Artiste iranienne expatriée en France depuis de nombreuses années, Marjane Satrapi est l’autrice de Persepolis, bande dessinée autobiographique sur sa jeunesse en Iran, et de plusieurs longs-métrages. Elle suit de près le soulèvement de la population iranienne, porté selon elle par une “jeunesse brillante”.

“Ils n’ont pas peur, contrairement à notre génération, traumatisée par la révolution et la guerre. On avait vraiment sous-estimé cette jeunesse en les pensant plus cons que nous, ce n’est absolument pas vrai. Ils lisent de vrais livres, savent très bien écrire et ne sont vraiment pas sexistes !”

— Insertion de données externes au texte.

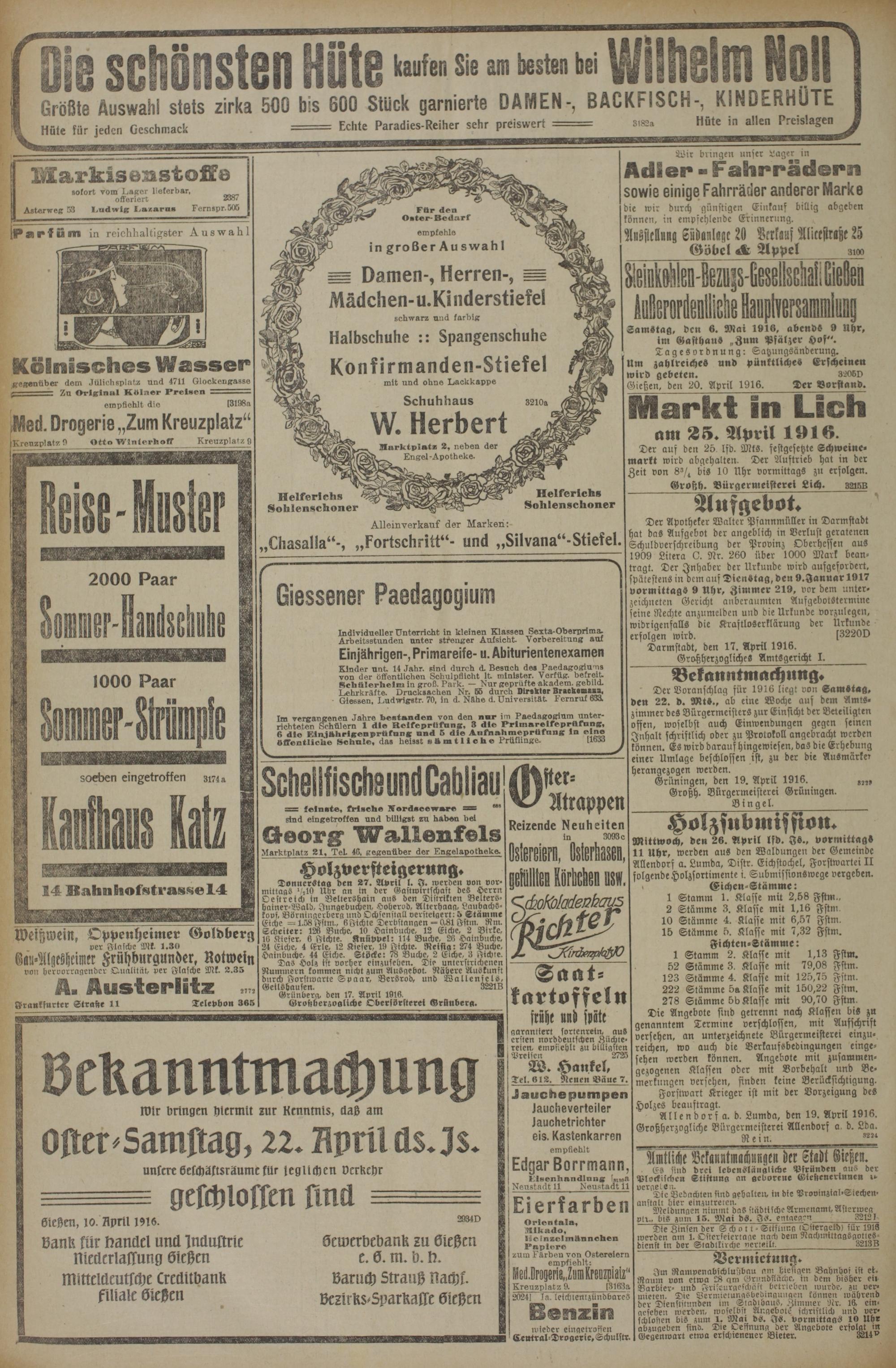 A l l e n d o r f a. d. Lumda, den 19. April 1916. Großherzogliche Bürgermeisterei Allendors a. d. Lda. Rein.
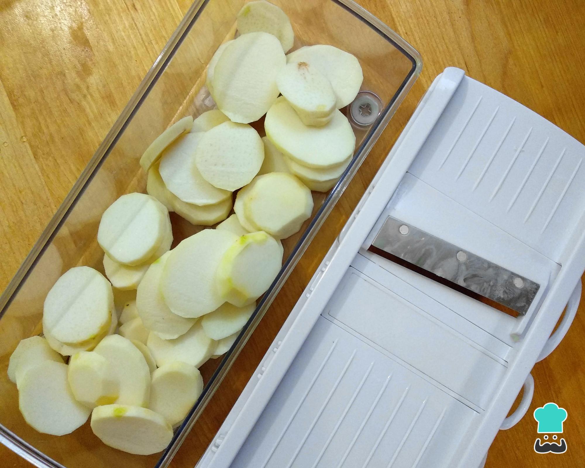 Prepare seus inhames com ou sem casca e corte em rodelas usando uma mandolina.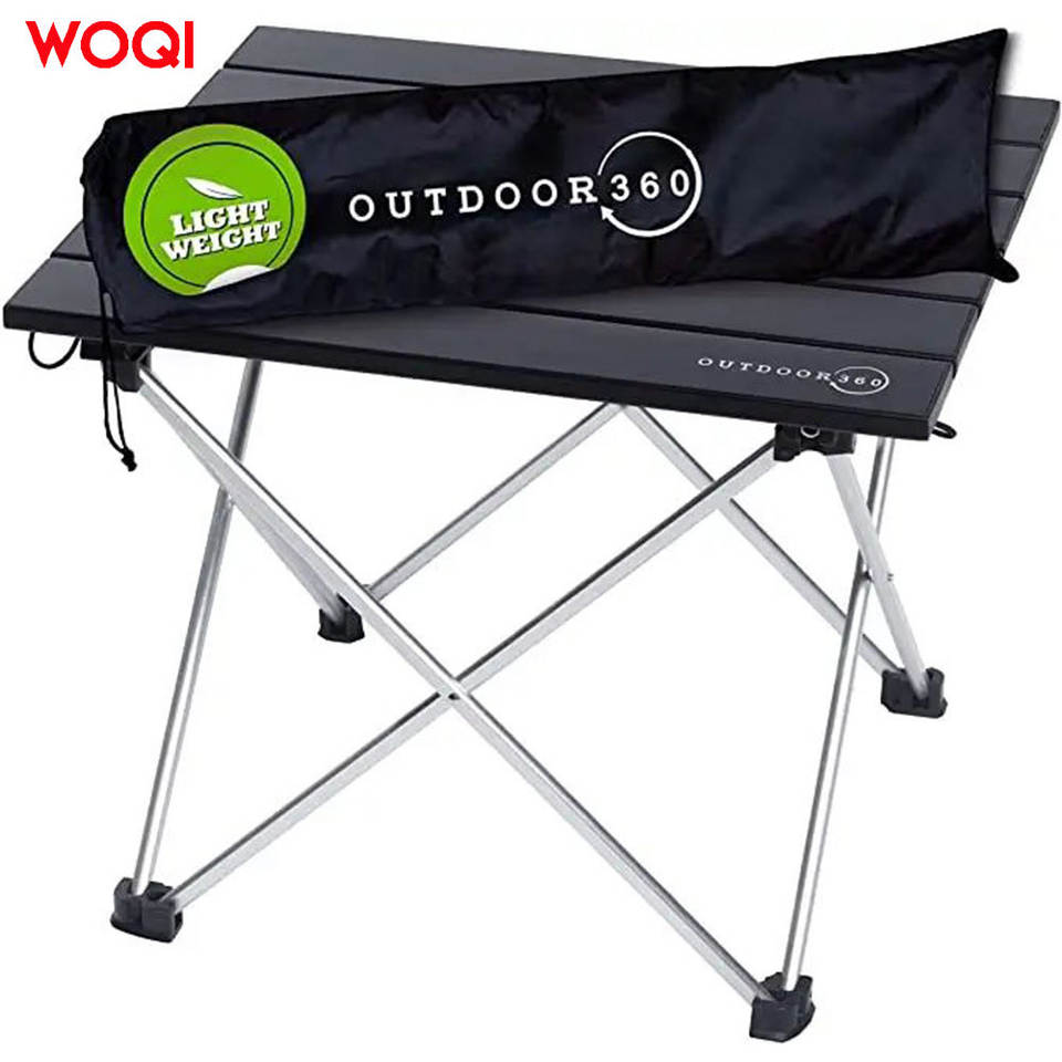 โต๊ะพับกลางแจ้ง Woqi โต๊ะอลูมิเนียมอัลลอยด์ทรงสี่เหลี่ยมแบบพกพาสำหรับตั้งแคมป์ปิ้งและบาร์บีคิว สีดำ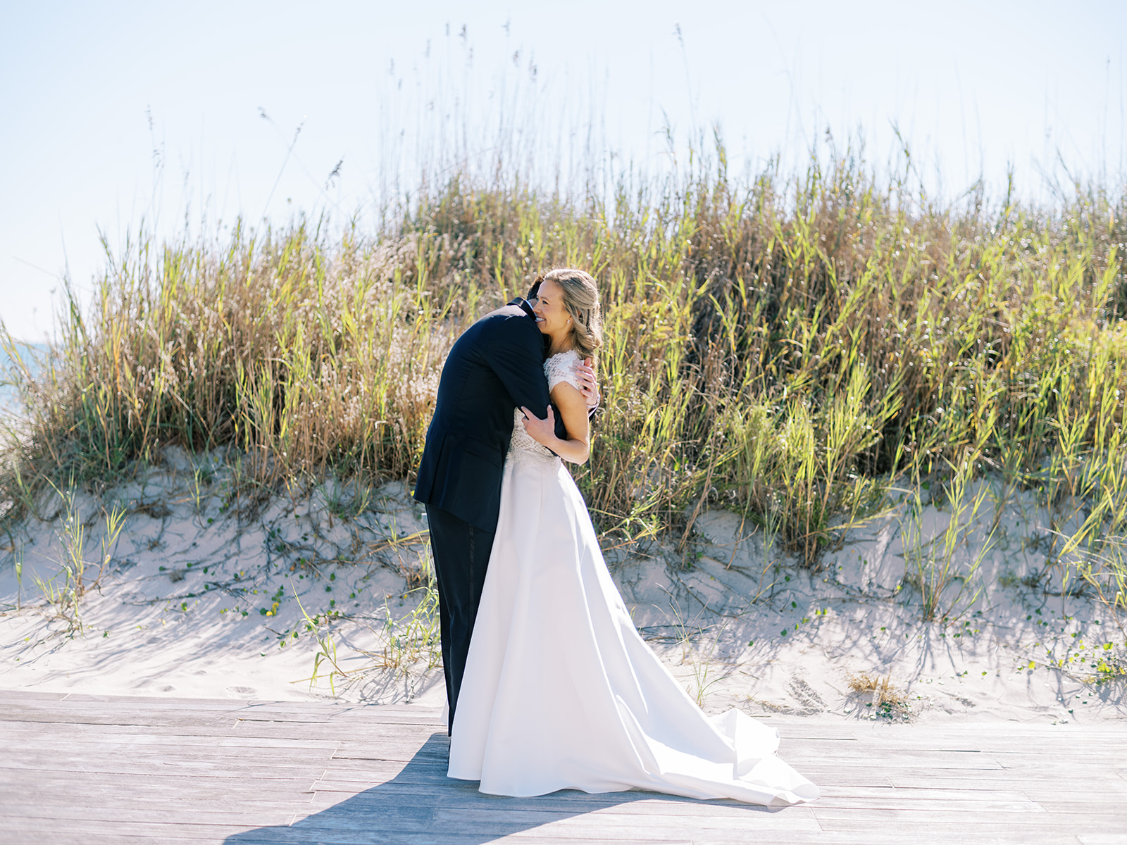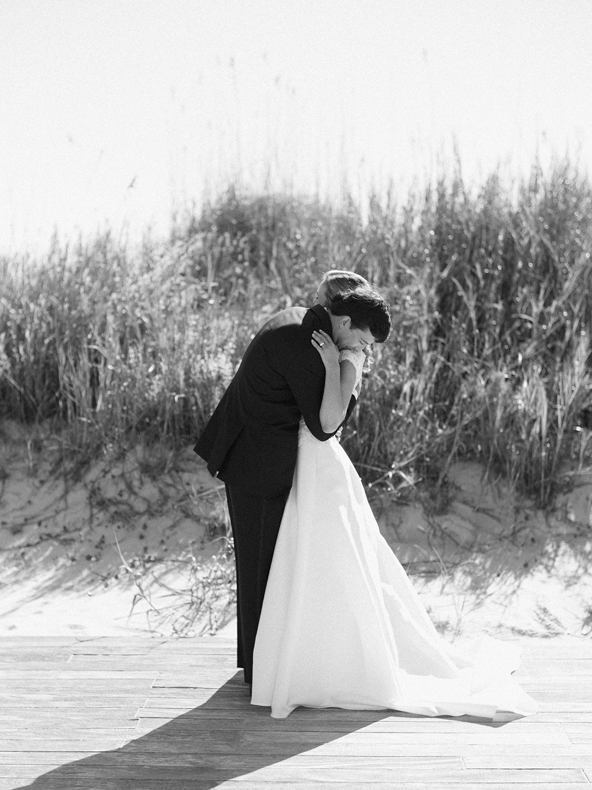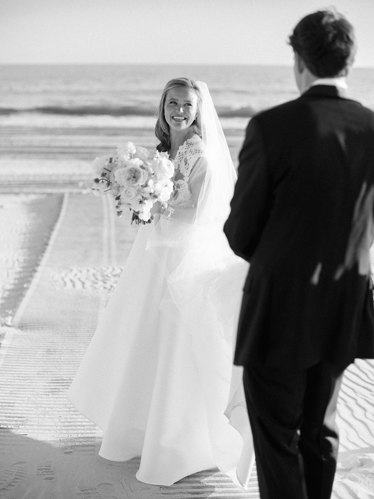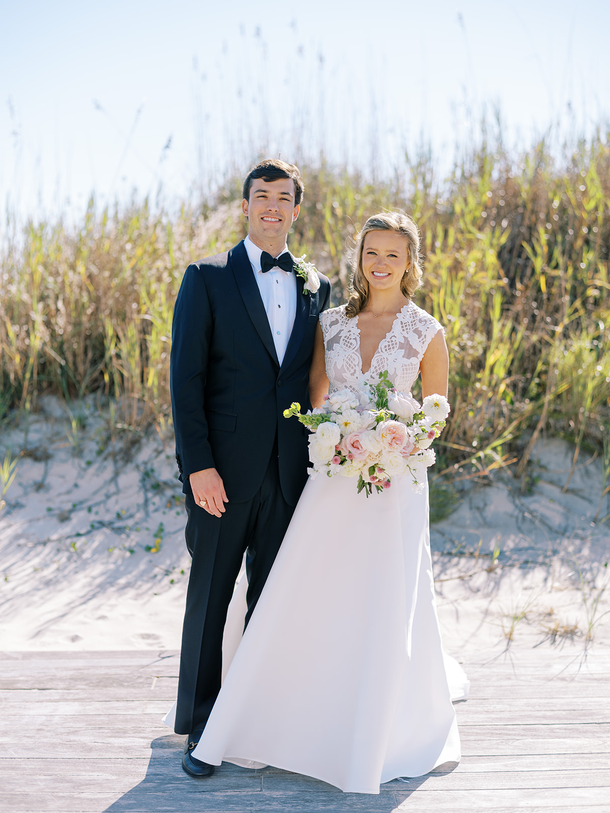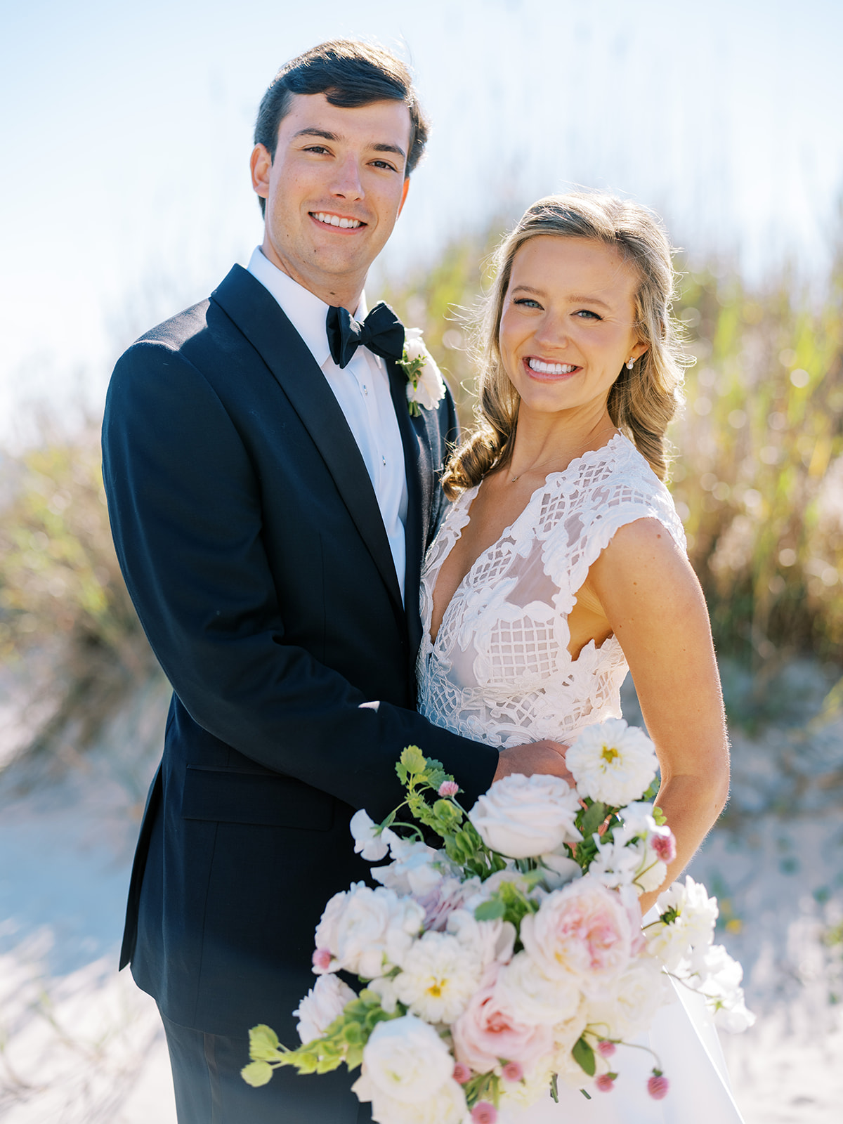 I can’t get over the radiance of these two and their unparalleled joy, their unabashed love for one another, and the excitement and celebration that exuded from every single moment of this magical day. It was spectacular in every way. And sneaking away to the sand for a few minutes of dreamy golden hour photos was just icing on the cake as these two got to bask in their new marriage and the anticipation of all the fun continuing to unfold at their wedding. Simply stunning in every single way! Shields’s gown! Her veil! That bouquet! The light! Their love & joy!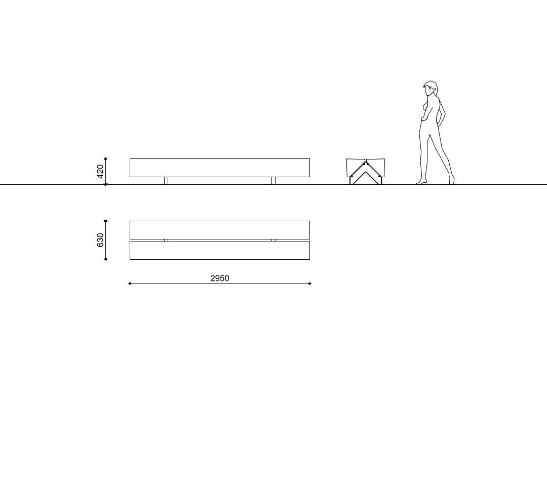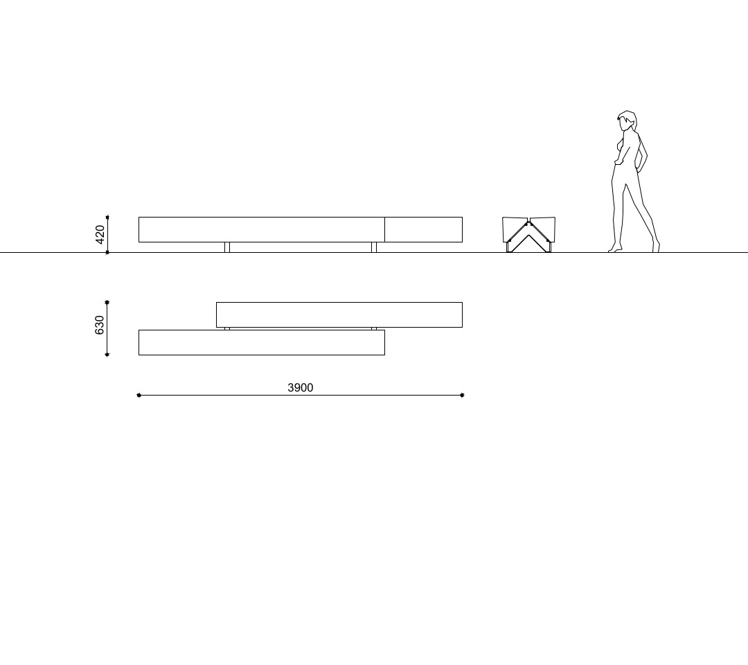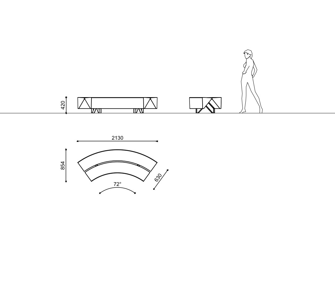 Listones de asiento con sección triangular, fabricados en HPC (High Performance Concrete) con acabado velluto liso a cassero, que aportan elegancia y durabilidad.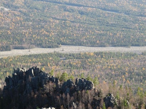 Đó là dòng sông đá kỳ vĩ tại công viên Taganai, miền nam rặng Ural nước Nga, bao gồm hàng ngàn tảng đá vắt ngang như một dòng sông qua rừng thông xanh ngát. Sông đá, còn gọi là dòng đá, có thể tìm thấy ở một số nơi trên thế giới- như núi Vitosha ở Bulgary, đảo Falkland... nhưng chẳng nơi đâu để lại ấn tượng mạnh mẽ cho du khách như sông đá ở Taganai.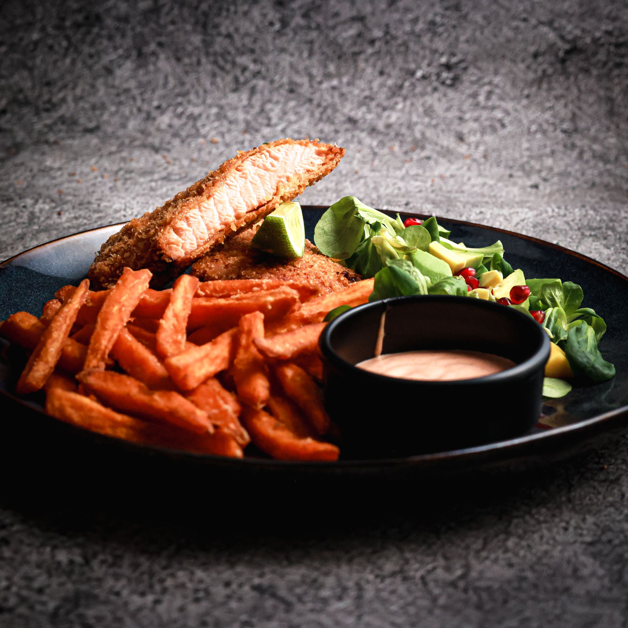 W chrupiącej panierce , serwowany z frytkami z batatów, sosem spicy mayo i sałatką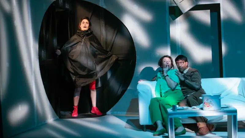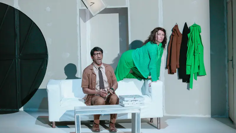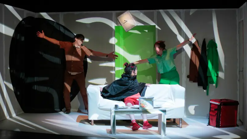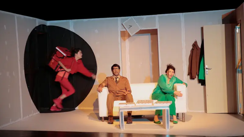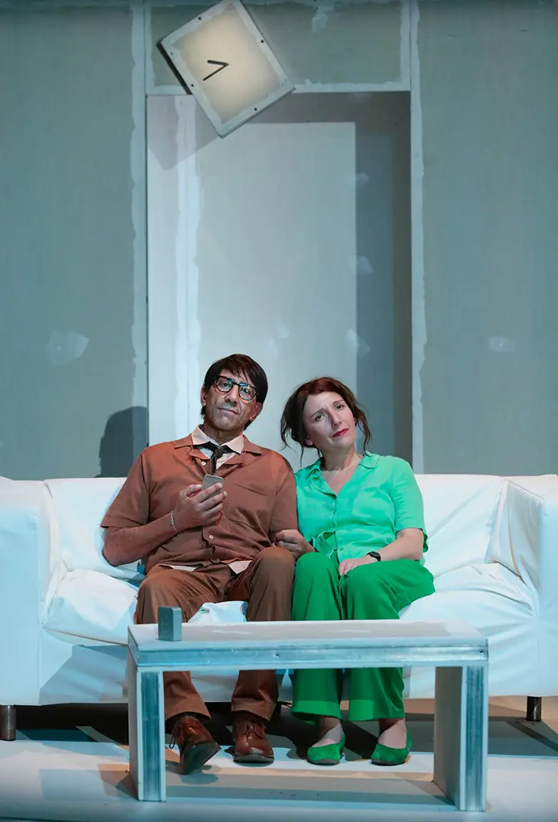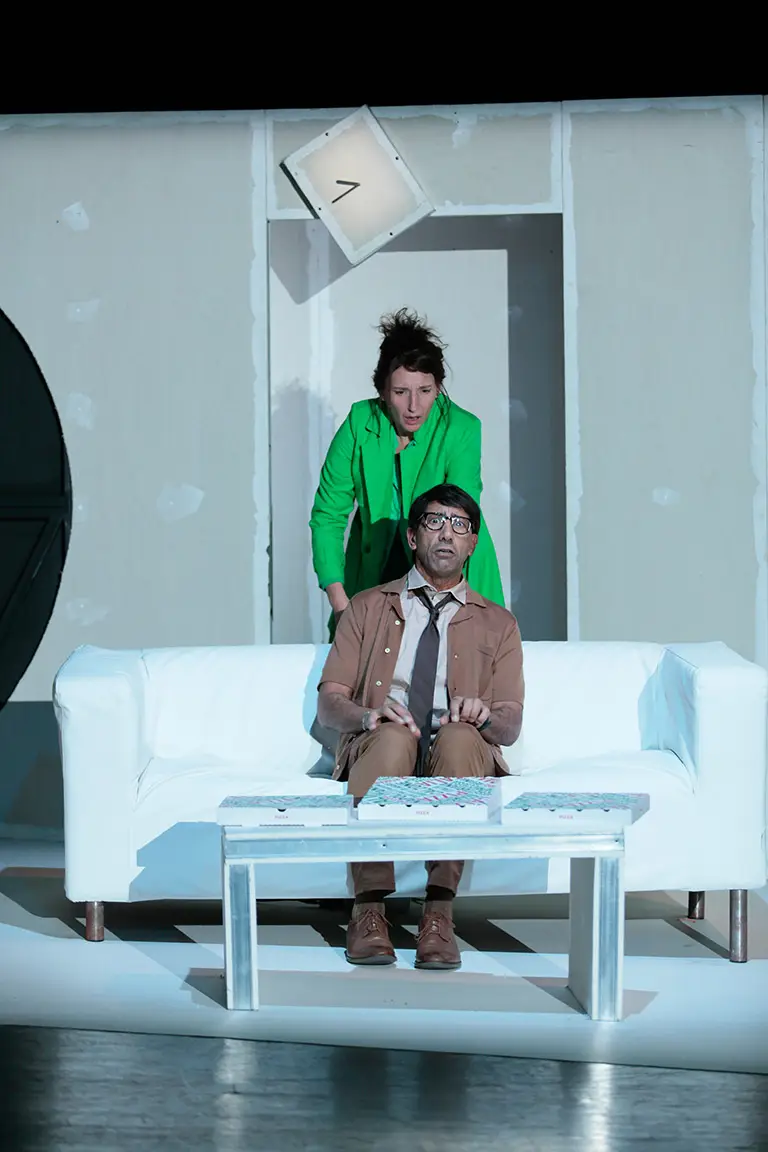 Avec cette commande passée à l’autrice pour expérimenter théâtralement notre rapport au temps et à la vitesse, Julia Vidit explore la théâtralité d’une comédie construite comme une dystopie contemporaine. Elle engage les trois acteurs à puiser toute l’énergie du jeu dans cette écriture originale aux dialogues incisifs. L’espace faussement réaliste offre la vue en coupe d’un salon de pavillon au canapé déglingué, dans lequel les personnages se battent irrémédiablement contre le temps, s’arrêtant parfois comme pour nous demander : et vous ?

Des artistes iraniens, comme les rappeurs Toomaj Salehi et Saman Yasin, ou encore l’actrice Taraneh Allidousti, ont pris la parole pour soutenir la révolte. Les deux premiers risquent la peine de mort, et la troisième, qui s’est affichée sans voile, “ne pourra plus travailler à cause de cette photo”. Autant de prises de parole qui montrent l’importance du mouvement.

Après deux mois et demi de manifestations, le procureur général iranien, Mohammad Montazeri, a annoncé le 3 décembre l’abolition de la police des mœurs, chargée notamment de faire appliquer les règles sur l’obligation du port du voile. Une annonce rapidement démentie par la télévision d’État et plusieurs officiels iraniens, et qui plus est loin de suffire à éteindre la colère.

Pour Marjane Satrapi, la population ne s’apaisera pas tant que le régime ne sera pas tombé, et l’Iran a atteint un point de non-retour.

“La République islamique est morte, et ils le savent. Les femmes ont commencé à pousser ce gros cadavre puant, et elles ont été rejointes par les hommes : c’est la beauté [de cette révolution]. On ne sait pas combien de temps cela va prendre, mais c’est fini pour [les mollahs] et ils le savent. J’en suis convaincue.”